The core problem in alignment is to figure out how to make an AI that does not act like an agent (and avoids malign subagents), and get this AI to solve the alignment problem (or perform a pivotal act). This tries to avoid the problem of corrigibility, by developing AIs that aren't (generally capable) optimizers (and hence won't stop you from turning them off).
The core of alignment is the specific distribution shift that happens at general intelligence: the sharp left turn — the AI goes from being able to only do narrow tasks similar to what it is trained on, to having general capabilities that allow it to succeed on different tasks.
Capabilities generalize by default: in a broad range of environments, there are feedback loops that incentivize the agent to be capable. When operating in the real world, you can keep on getting information about how well you are doing, according to your current utility function.
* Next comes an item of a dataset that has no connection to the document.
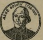
Exiger ce portrait

C'est d'abord une sensa- tion d'étouffement et de suffocation qui étirent la gorge, des bouffées de cha- leur qui montent au visage pour faire place à une sueur froide sur tout le corps. Le ventre devient douloureux, les règles se renouvellent irrégulièrement ou trop abondantes et bientôt la femme la plus robuste se trouve affaiblie et exposée aux pires dangers. C'est alors qu'il faut sans plus tarder faire une cure avec la

However, you can't keep on getting information about how "good" your utility function is. But there is nothing like this for alignment, nothing pushing the agent towards “what we meant” in situations far from the training distribution. In a separate utility function model, this problem appears when the utility function doesn’t generalize well, and in a direct policy selection model, this problem appears in the policy selector.
The frame we think gets at the core problem best is (drumroll please) distribution shift: robustly pointing to the right goal/concepts when OOD or under extreme optimization pressure. This frame gives us a good sense of why mesa-optimizers are bad, fits well with the sharp left turn framing, and explains why ontology identification is important. Even though this is what we landed on, it should not be the main takeaway -- the real post was the framings we made along the way.